Germany Drives Euro-Zone Economic Growth

LONDON—The euro-zone economy grew at its fastest pace in four years in the second quarter, driven by an unexpectedly strong surge in Germany, preliminary data showed Friday.

The combined gross domestic product of the 16 countries that use the euro grew 1.0% compared with the first three months of the year, the

Containers wait to be loaded on a ship at the harbor in Hamburg, Germany. The German economy was aided by strong global demand for its products.

GDP, which measures the total value of goods and services in the economy, was also 1.7% higher than in the second quarter of 2009, the sharpest annual increase since the first three months of 2008.

The figures were much stronger than economists' estimates in a Dow Jones Newswires survey last week for growth of 0.7% on a quarter-to-quarter basis and 1.4% on the year. The euro zone grew 0.2% on the quarter and 0.6% on the year in the first quarter.

The quarterly growth rate was marginally weaker than the 1.1% expansion in the U.K. in the second quarter, but outpaced the U.S., where GDP grew 0.6%, Eurostat said.
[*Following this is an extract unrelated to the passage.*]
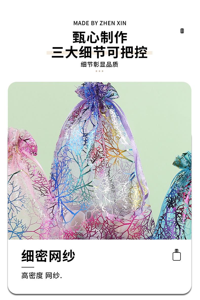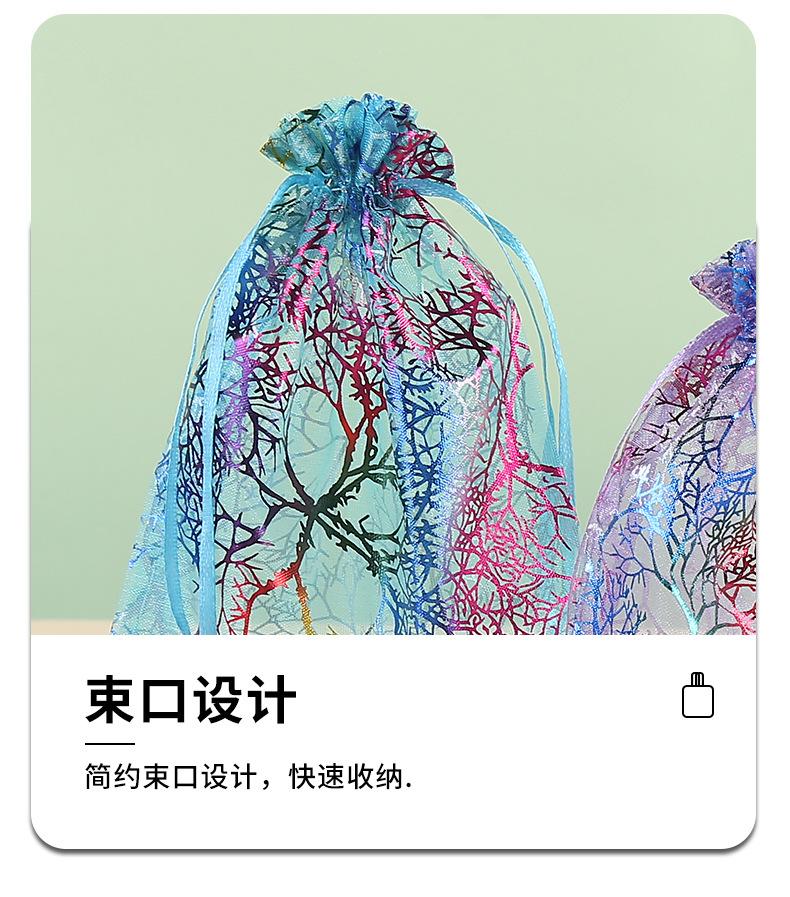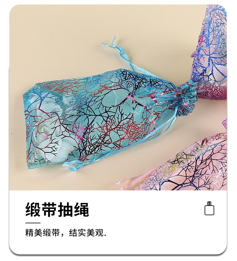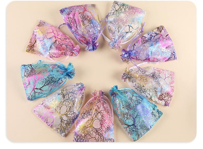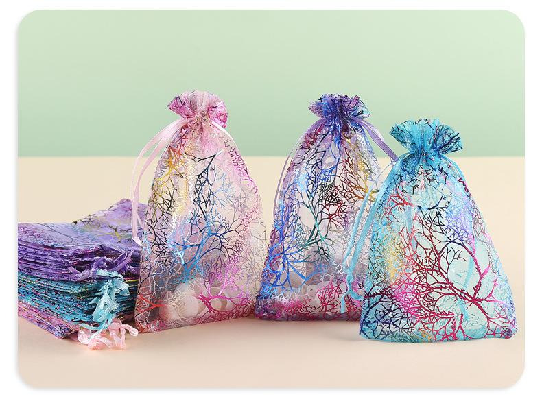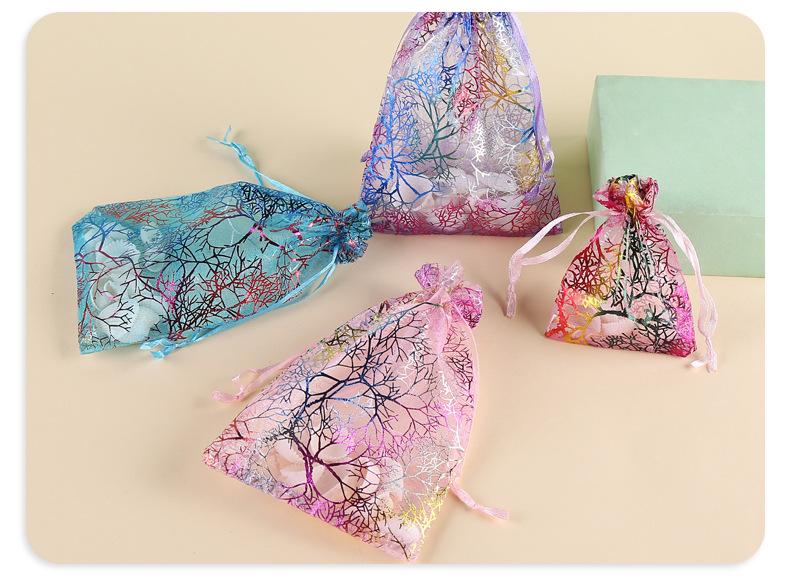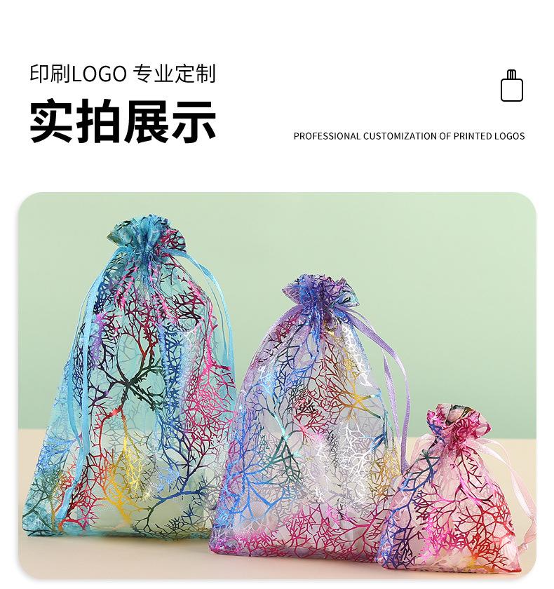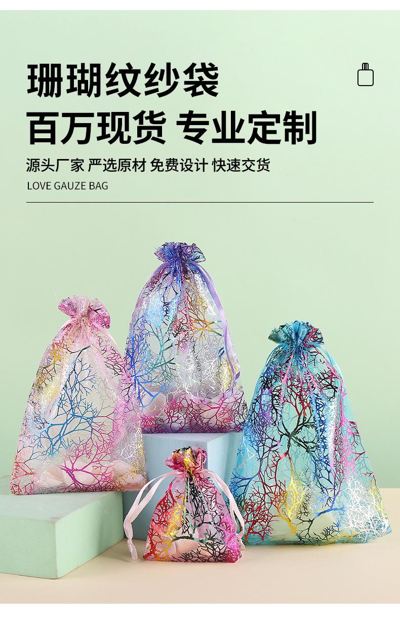 Bolsa de hilo coral bronceado al por mayor de fábrica, bolsa de embalaje para regalo de joyería, bolsa de organza con cordón ajustable de colores

"No components are available yet, but exports, investments and a catching up of the construction sector after a harsh winter should have been the main growth drivers," Carsten Brzeski, an economist at ING, said in a note. "Today's numbers are a clear sign that the euro zone has coped with the sovereign-debt crisis better than expected."

Eurostat figures released Thursday showed industrial production, which has been boosted by exports from Germany and elsewhere, rose 2.5% for the second consecutive quarter between April and June. The revival in the sector has also fueled restocking as companies geared up production after stocks ran down during the recession.

Strong demand from around the world for Germany's exports helped Europe's largest economy grow 2.2% between April and June—the fastest quarterly rate since reunification in 1990 and far stronger than economists' expectations of a 1.4% expansion.

Rainer Brüderle, Germany's Economy Minister, said the new data for the first half of the year "bring growth of well over 2% in 2010 into the realm of the possible." So far the government has been forecasting growth of 1.5% for 2010.

France's economy, the second biggest in the euro zone, grew 0.6% on the quarter—slightly stronger than forecasts of 0.4% growth. French Finance Minister Christine Lagarde said she is "convinced" France will meet its target of 1.4% GDP growth for 2010.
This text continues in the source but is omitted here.